To compare the BVEP inversion by NUTS and ADVI schemes, FIG. 5 displays the histogram of MCMC samples and the kernel density estimates of the posteriors generated from NUTS (left panel) versus those obtained by ADVI (right panel). From this figure, it is observed that NUTS and ADVI perform similarly in their estimates of the posterior, except that the mean-field ADVI slightly underestimates the variances compared to the estimations by NUTS algorithm. However, taking both approaches, the true values of excitabilities (dashed vertical lines) are under the support of the posterior densities indicating that the parameter recovery was successful. The samples corresponding to the brain nodes specified as HZ, PZ, and EZ are illustrated in grey, light grey and dark grey, respectively. Note that the prior for all 84 brain regions included in the analysis was assumed as a normal distribution centered at –2.5 with standard deviation of 1.0 (i.e., N(-2.5, 1.0) as shown in blue. To invert the BVEP model by NUTS algorithm, 200 number of sampling iterations and 200 warmup were used with the expected acceptance probability of 0.95, whereas to run ADVI, the maximum number of iterations and the convergence tolerance were set to 50000 and 0.001, respectively. In terms of computational time, for these algorithm configurations, sampling by NUTS took 23993.5 seconds whereas the running time of ADVI was 5392.62 seconds.

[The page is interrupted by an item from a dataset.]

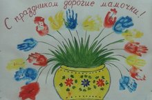 К празднику "День матери" с маленькими творцами II младшей группы воспитатель I кв. категории Сапарина Е.В. провела коллективное рисование с использованием нетрадиционной техники рисования - рисование ладошкой на тему "С праздником, дорогие мамочки!"

Once the model parameters have been estimated, it is necessary to assess the convergence of MCMC samples. To verify the reliability of the inferred estimates, we monitored the potential scale reduction factor R̂ as it is the most reliable quantitative metric for MCMC convergence. In addition, the posterior samples from the joint posterior probability distribution were plotted to show the efficiency of the transformed non-centered parameterization in comparison to the centered form of parameterization. FIG. 6 top row represents the posterior samples from the joint posterior probability distribution between the hyper-parameters σ and σ′, which are the standard deviation of the process (dynamical) noise and the measured noise, respectively (cf., Eq. (4)). In this figure, the left and middle columns show the result of sampling by NUTS with non-centered and centered form of parameterization, respectively. For the sake of comparison with NUTS, the last column illustrates the result from mean-field variant of ADVI. The dots in each scatterplot represent 200 samples drawn from the joint posterior probability distribution. In FIGS. 6A and B, it can be clearly seen that there is no correlation between the posterior samples drawn from non-centered parameterization, whereas the samples from the centered form show a high collinearity between hyper-parameters. Such a high collinearity leads to inefficient exploration of posterior which can be quantifiably observed in decreased numbers of effective samples and increased R̂ values. The values of R̂ for all of hidden states and parameters estimated by non-centered form are below 1.05 (see FIG. 6D), whereas more than 82 percent estimations by centered form has R̂ value above 1.1 (see FIG. 6E). This indicates that the Markov chains converged for non-centered but not for centered form of parameterization. The ratio of effective number of samples to the number of iteration (N_eff=N_iter) returned by centered form of NUTS is less than 0.001 for all the estimated parameters. This indicates the poor sampling from centered form of parameterization as it generates a very small number of independent samples per Markov chain.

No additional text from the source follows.